Rulers of Vellore, India from 15th to 16th century CE

The Nayaks of Vellore were local Telugu chieftains of the Vellore principality of Vijayanagar Emperor in the 16th century CE. They were subordinates appointed as provincial governors by the Vijayanagar Emperor, who divided their entire kingdom into various Nayakships viz., Madurai, Thanjavur and Senji. Later, after the fall of the Vijayanagara's Tuluva dynasty in 1565, the other Nayaks of the Tamil region declared independence, but Vellore Nayakship continued to remain under the Aravidu Dynasty of the Vijayanagar Empire.

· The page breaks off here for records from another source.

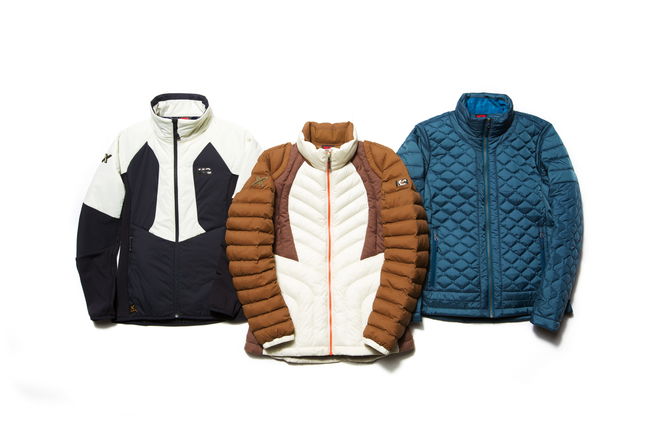 [사진] 햇빛을 받으면 스스로 발열하는 충전재를 사용해 보온성을 향상시킨K2 솔라 패딩 3종. 왼쪽부터 ‘EXM 패딩 하이브리드 재킷’, ‘피아톤’, ‘하이킹 솔라필(Solarfil) 패딩 재킷’.
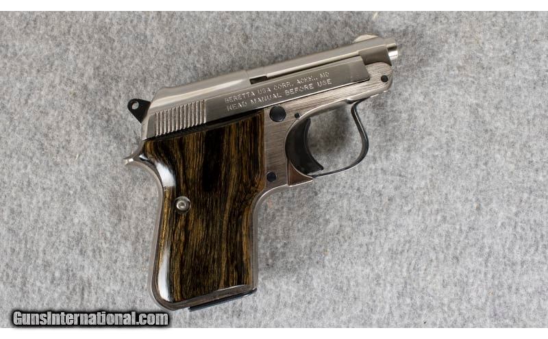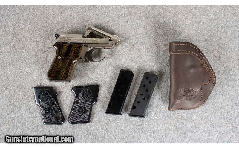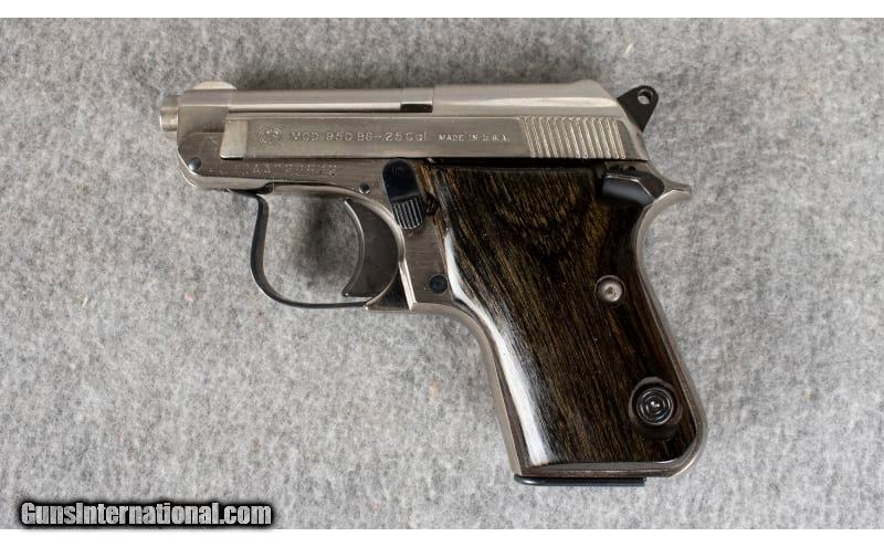 Description: This Beretta 950 BS pistol is chambered in .25 ACP and has a nickel finish. It comes with the aftermarket laminate grips currently on the firearm, the original black plastic grips, a holster and two magazines. .25 ACP SOLD Metal Condition: Excellent Wood Condition: Excellent Bore Condition: Very Good - Excellent Barrels: 2.5 Triggers: DA/SA Butt Pad: Wood Weight: .12 oz. Sights: Integral rear with front blade. Item Location: East Hartford, CT |
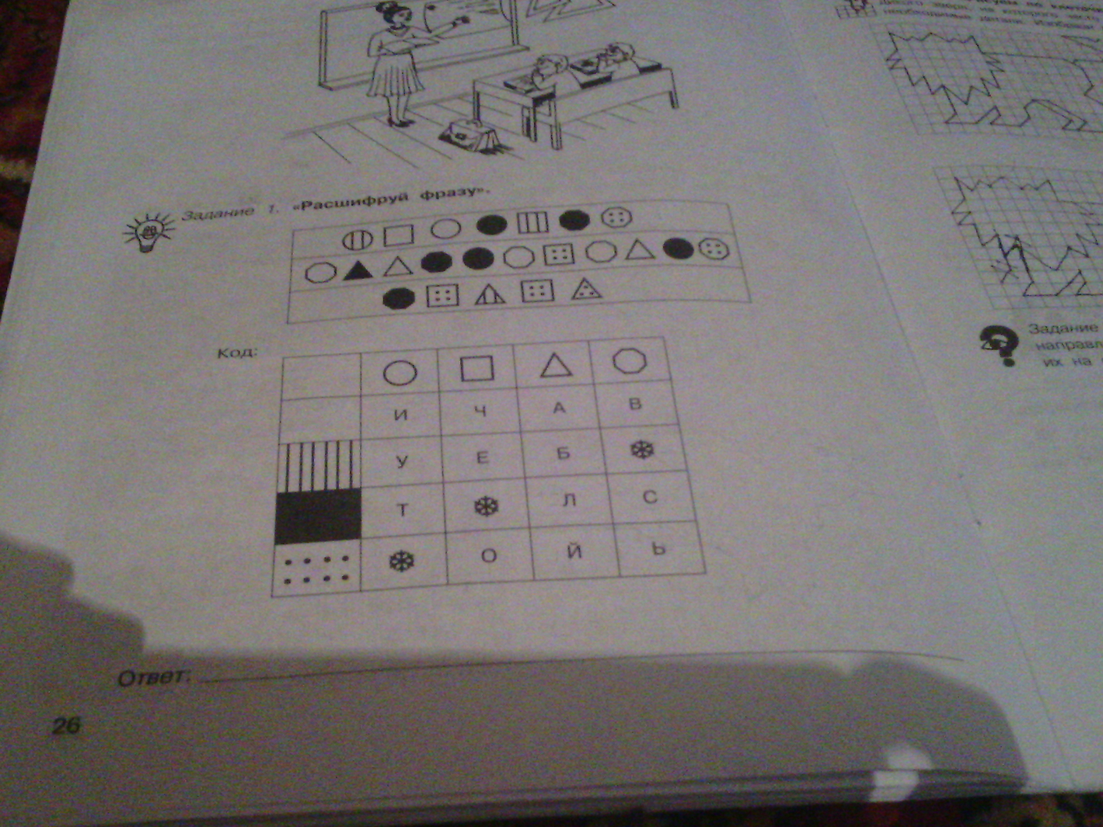 Чтобы расшифровать фразу, надо внимательно посмотреть на фигуру и рисунок внутри неё. Потом ищем в таблице по горизонтали саму фигуру, а по вертикали рисунок, и совмещаем их.
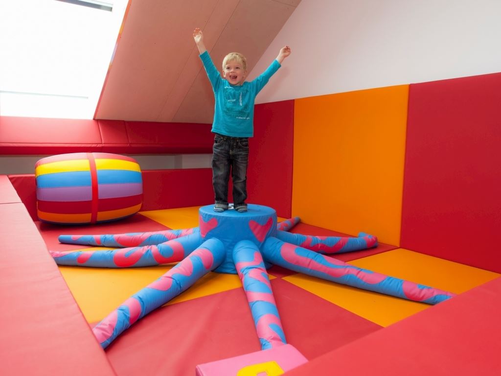 Auch bei schlechtem Wetter bietet der Indoor-Spielplatz jede Menge Action. Die Kleinsten klettern und bauen einen Turm aus großen Bauklötzen, während die Größeren ihren Spaß an den Spielautomaten haben.
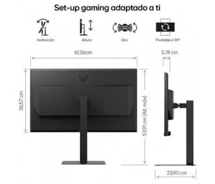- Diseño sin bordes prácticamente en los 3 lados, soporte en forma de L que optimiza el espacio y regulable en altura para mayor comodidad.
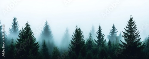 Heavy fog in a dense forest, silhouettes of trees barely visible, eerie and mysterious, [Weather], [Forest Enigma]

== History of the region ==
The region was under many dynasties throughout the time. It was annexed from the Pandyan Empire to the Gajapati Kingdom in the early 15th century. The southern parts of the Gajapati empire was annexed to the Vijayanagar Empire by Achyuta Deva Raya in the 1530s, and created the Nayakship of Vellore.

== List of Nayaks ==
The list of nayaks are unclear. Some of the Nayaks are:

- Chinna Bommi Reddy
- Thimma Reddy Nayak
- Lingama Nayak

=== Vellore Fort ===

The fort of Vellore was built around 1566 CE by Chinna Bommi Reddy and Thimma Reddy Nayak during this Nayakship period. The fort went on to become an important strategic position in the future.

== Rebellion ==
After the independence of the other Nayaks, Vellore also eyed for independence and Lingama Nayak revolted against the crown in 1601. One of the generals of the crown, Yachamanedu came to Vellore and defeated Lingama Nayak. This led to the end of the Nayakship, and the region went under the direct rule of the Vijayanagar King Venkata II. In 1604, the capital of the declining Vijayanagar empire was shifted to Vellore.